### Task details:
Leave out the pictures and output exactly the lines below from the one with "Obra de Rokha, Trilogía de Tiernos y Feroces." down to the one with "மெக்ஸிக்கோவின் ரசீகர் பொல்லாரால் கைது", both of them included.

### Source records:

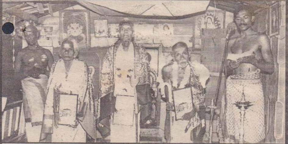
ஆனைக்கோட்டை ஸ்ரீ வல்லியப்பர் சுவாமி ஆலயத்தில் ஆனைக்கோட்டை இந்து இளைஞர் மன்றத்தினர் அனுசரணையுடன் முதியோரைக் கௌரவிக்கும் நிகழ்வு அண்மையில் இடம்பெற்ற போது எடுக்கப்பட்ட படம். இந்த நிகழ்வில் கௌரவிக்கப்பட்ட முதியோர்களைப் படத்தில் காணலாம்.
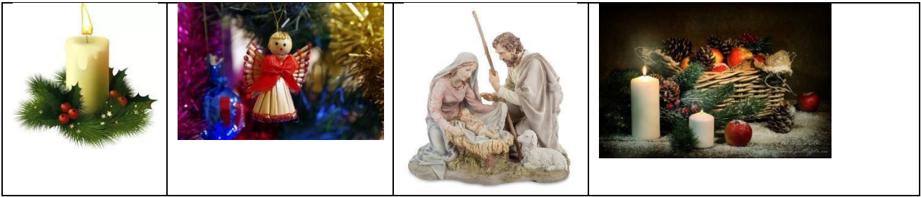
А) Новый год В) Благовещенье Б) Рождество Христово
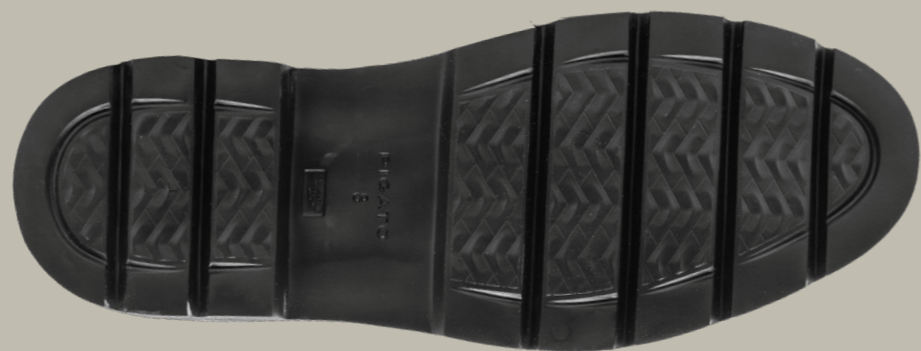
EVA LIGHT OUTSOLE
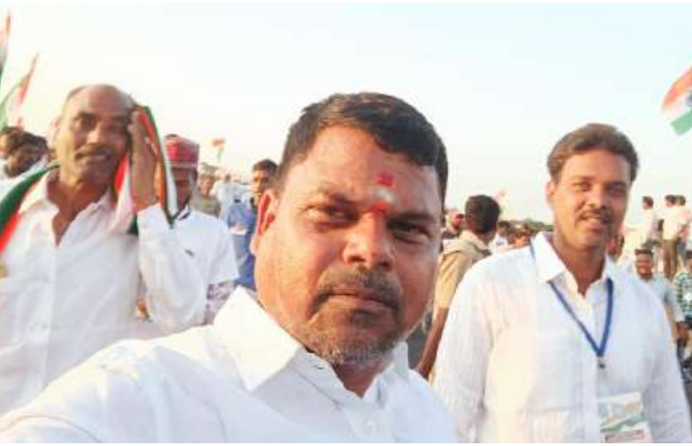
(వార్త మిర్రర్ ప్రత్యేక ప్రతినిధి)
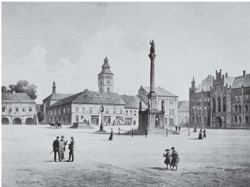
Obr. č. 4. Náměstí v Novém Bydžově, Karel Liebscher, 1908. In: Čechy XIV. Severní Čechy (jako pozn. 8), za s. 100. – Historický ústav AV ČR. Foto Pavel Vychodil.

Menší pozornost než Dvoru Králové nad Labem věnoval Kafka Novému Bydžovu, který také charakterizoval jako věnné město. Pochvalně komentoval sbírky městského muzea, založeného roku 1888. Zajímavý je pohled podle fotografie do ulice v Židovské čtvrti (srov. obr. č. 5). V průvodci se Kafka o historické instituci věnného města ani o Židovské čtvrti nezmínil. 28
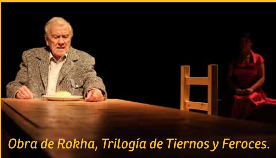
Obra de Rokha, Trilogía de Tiernos y Feroces.
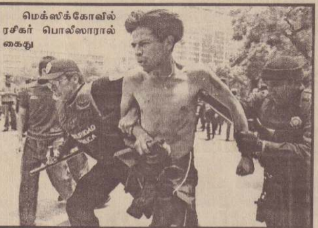
மெக்ஸிக்கோவின் ரசீகர் பொல்லாரால் கைது

இதனால் இம்முறையும் உலகக் கிண்ணத்தைக் கைப்பற்றக்கூடிய அணிகளின் வரிசையில் பிரான்ஸுக்கு முக்கிய இடம் இருந்தது. ஆனால், முதல் நாள் இடம்பெற்ற ஆரம்ப ஆட்டத்திலேயே பிரான்ஸ், அவ்வளவு பிரபலமில்லாத செனகல் அணியிடம் 1-0 என்ற கோல் அடிப்படையில் தோற்றது. பிரான்ஸின் இந்தத் தோல்வியால் ஆடிப்போனவர்கள் இந்த நாட்டு ரசிகர்கள் மட்டுமல்ல உதைபந்தாட்ட விமர்சகர்களும் கூடத்தான். பிரான்ஸ் அணியில் ஆட்டத்தை நிர்ணயிக்கும் வீரர் (play
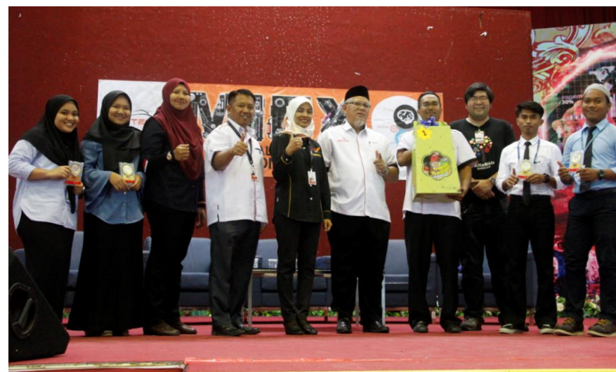
Lampiran 4: MIEX Sesi Dis 2017
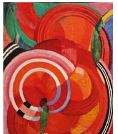
Sinooperin muoto II, 1923
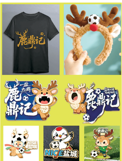
“苏超文创”系列产品

燕舞集团紧抓盐超赛事热点,推出以盐城特色麋鹿文化为核心的“鹿鼎记”——苏超文创”系列产品。该系列涵盖麋鹿玩偶、麋鹿发箍、麋鹿钥匙扣等多款文创单品,将苏超赛事的超高热度与盐城湿地文化符号深度融合。凭借憨态可掬的萌趣形象,系列产品迅速引爆社交平台,成为年轻群体竞相追捧的文化潮品。
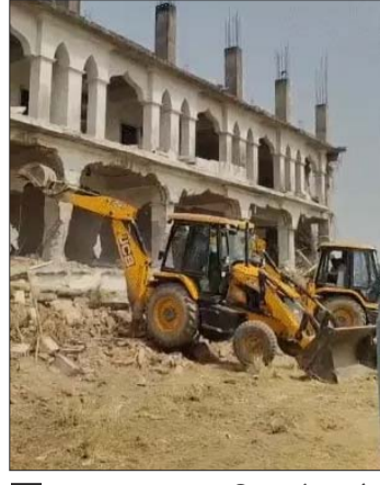
प्रशासन का कहना था कि बुलडोजर और पोकलेन से मशीनों से मद्रसे के स्ट्रक्चर को तोड़ने में काफी परेशानी हो रही है।

मद्रसे के पिलर नहीं टूट पाए। फिर प्रशासन ने

### Output:
Obra de Rokha, Trilogía de Tiernos y Feroces.
மெக்ஸிக்கோவின் ரசீகர் பொல்லாரால் கைது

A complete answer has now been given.